Keeping the printing presses running is a labor of love. The Vinyl Factory has a “graveyard” of decommissioned presses that it has dismantled for parts and a full set of EMI’s technical drawings. Luckily, the machines are built to last. “There’s been so much engineering that they still work perfectly; they’re truly remarkable,” Deninson says proudly. “They are pressing some of the best records in the world.”
Outside the parking lot is another press: a manual machine housed in a shipping container. It was once located at London’s White Cube gallery as part of the Vinyl Factory collaboration with artist and composer Christian Marclay. The music was recorded live at the gallery and printed on site. Manual pressing, which can produce colorful striped LPs, is another option for artists looking to put a unique stamp on their releases. British drum ‘n’ bassist Goldie used it to create LPs that matched the blue and gold of his sneakers. Daft Punk, Sakamoto and “many German death metal bands” also manipulated “wax” here.

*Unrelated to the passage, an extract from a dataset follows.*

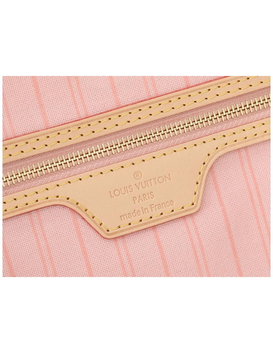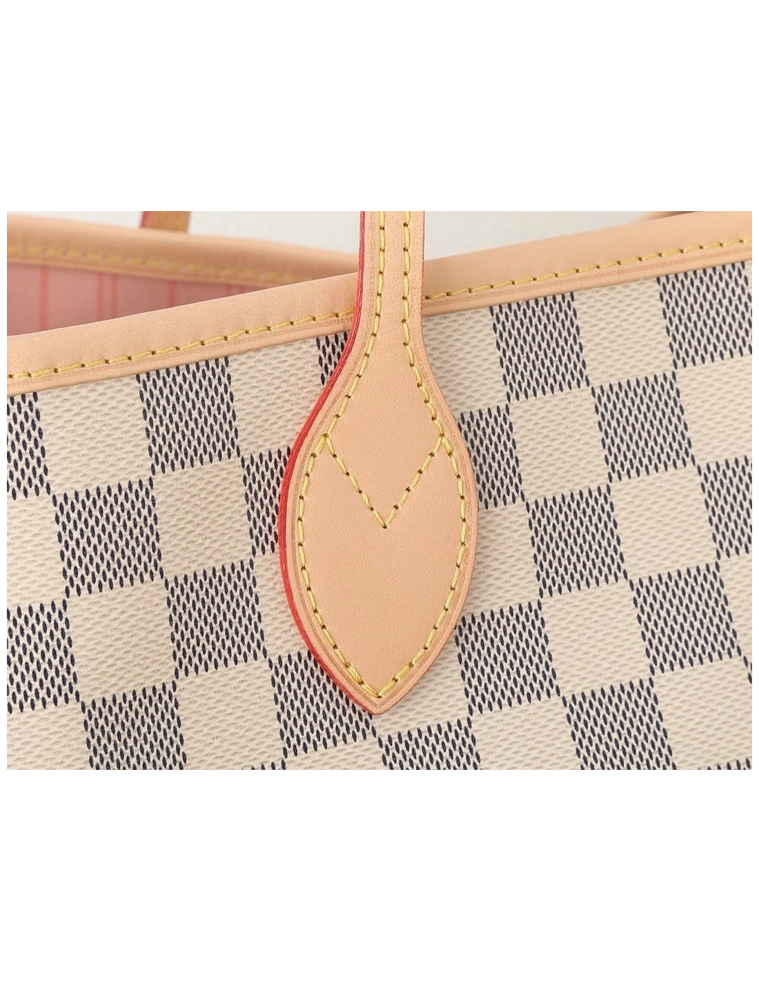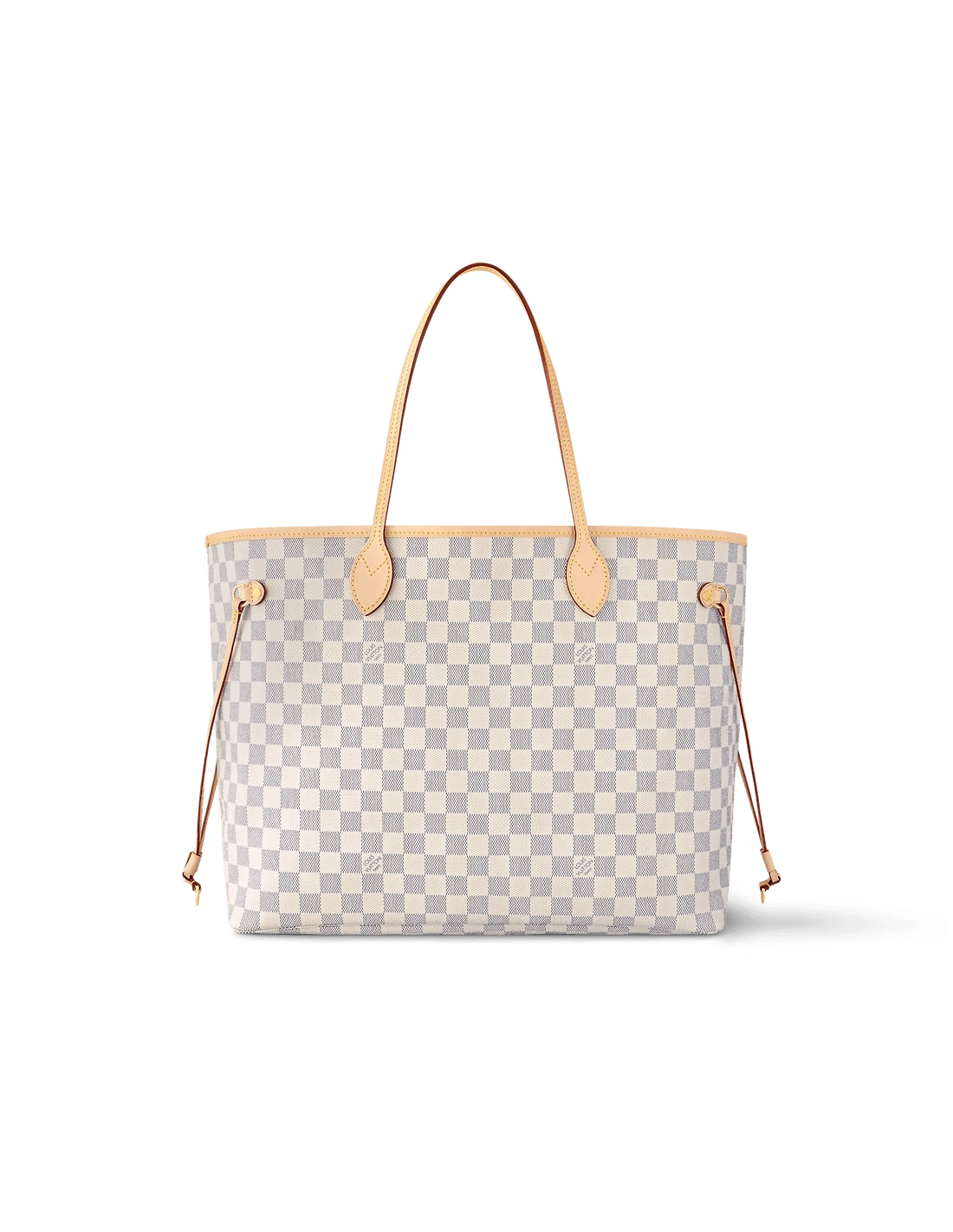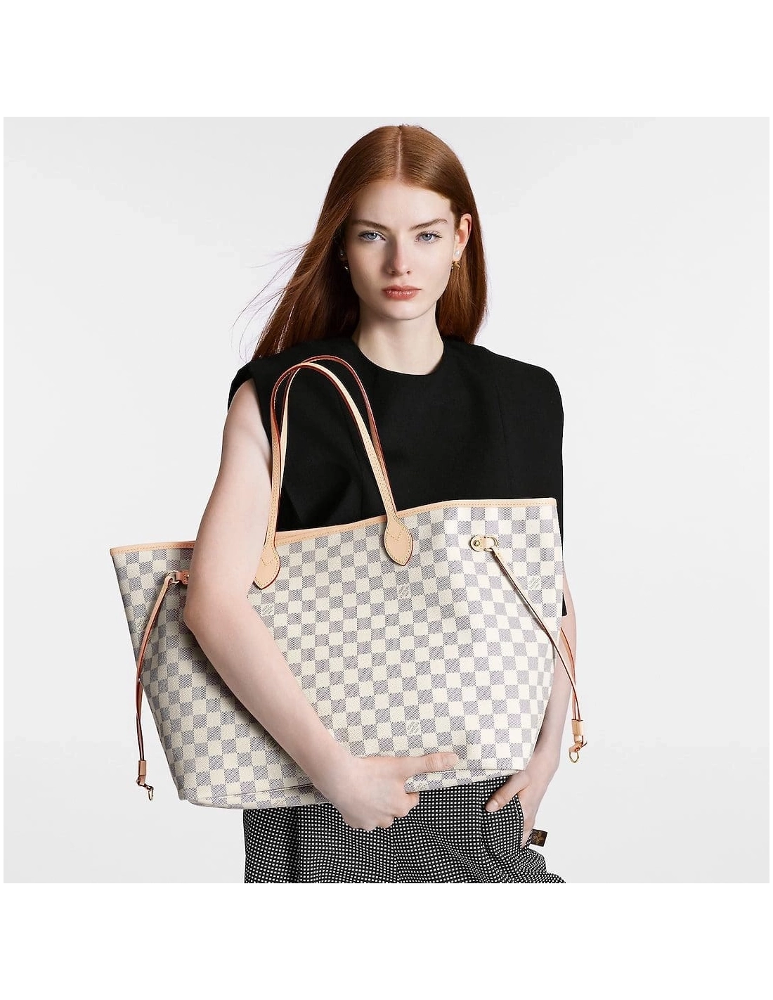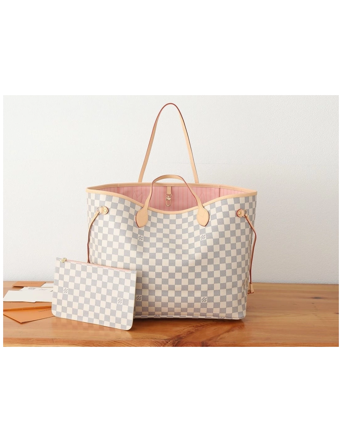 The Neverfull GM tote unites timeless design with heritage details. Crafted from fresh Damier Azur canvas with natural cowhide trim, it is ultra-roomy yet never bulky, with side laces that cinch for a sleek allure or loosen for a more casual look. Slim, comfortable handles slip easily over the shoulder or arm. Lined in colorful textile, it features a removable pouch which can serve as a clutch or an extra pocket.
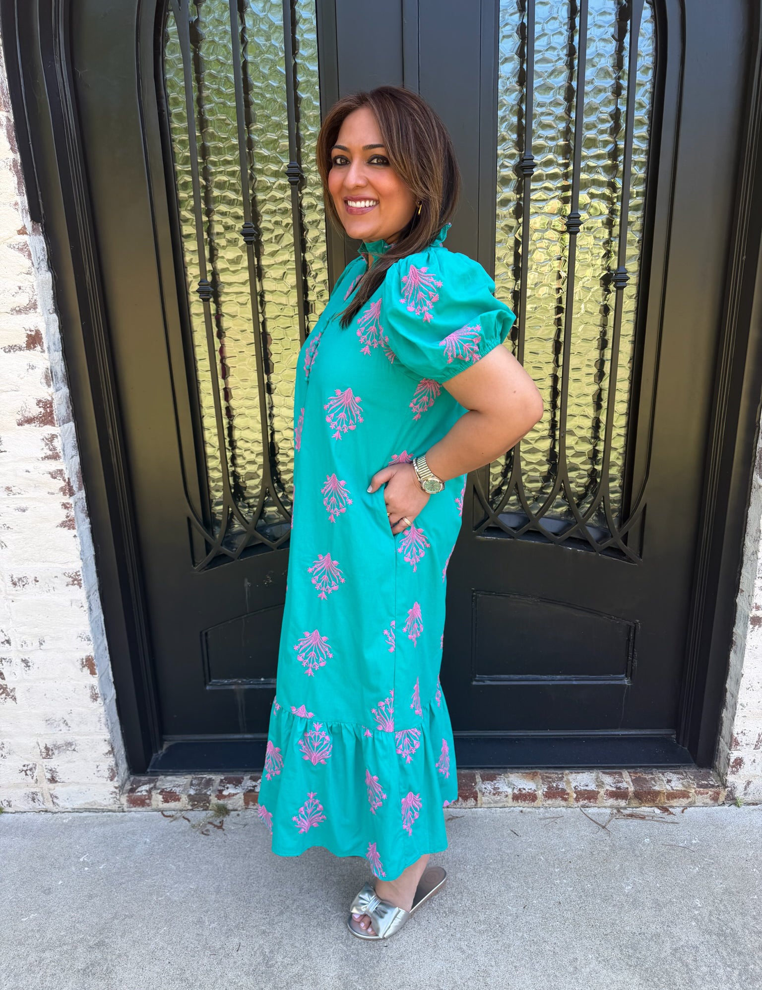 Molly Mock Neck Puff Sleeve in Mint

This type of personalization is part of vinyl culture; The idea that the LP is a work at least as important as the music it carries. Folded sleeves, screen printing, stickers, engravings on the surface of the LP and heavy discs (180 and 200 gram LPs can be made for a fee) are ways to stand out from the crowd.
“The vision for Vinyl Factory was to take the process back to a time when craftsmanship drove it and focused on the relationship between creator and producer,” says Bidder. “These are the days when you could walk into a studio on London’s Denmark Street, record a track in one day and have it pressed straight after.
“The difference now is the internet, which is a way for artists to market directly to consumers. We want to make the product as good as it can be, both sonically and in terms of what you can do creatively. You’re trying to make a collectible product that people are willing to pay for. These aren’t things to throw away.”
ACMI and RISING available Vinyl Factory: Reverb22 May – 31 August.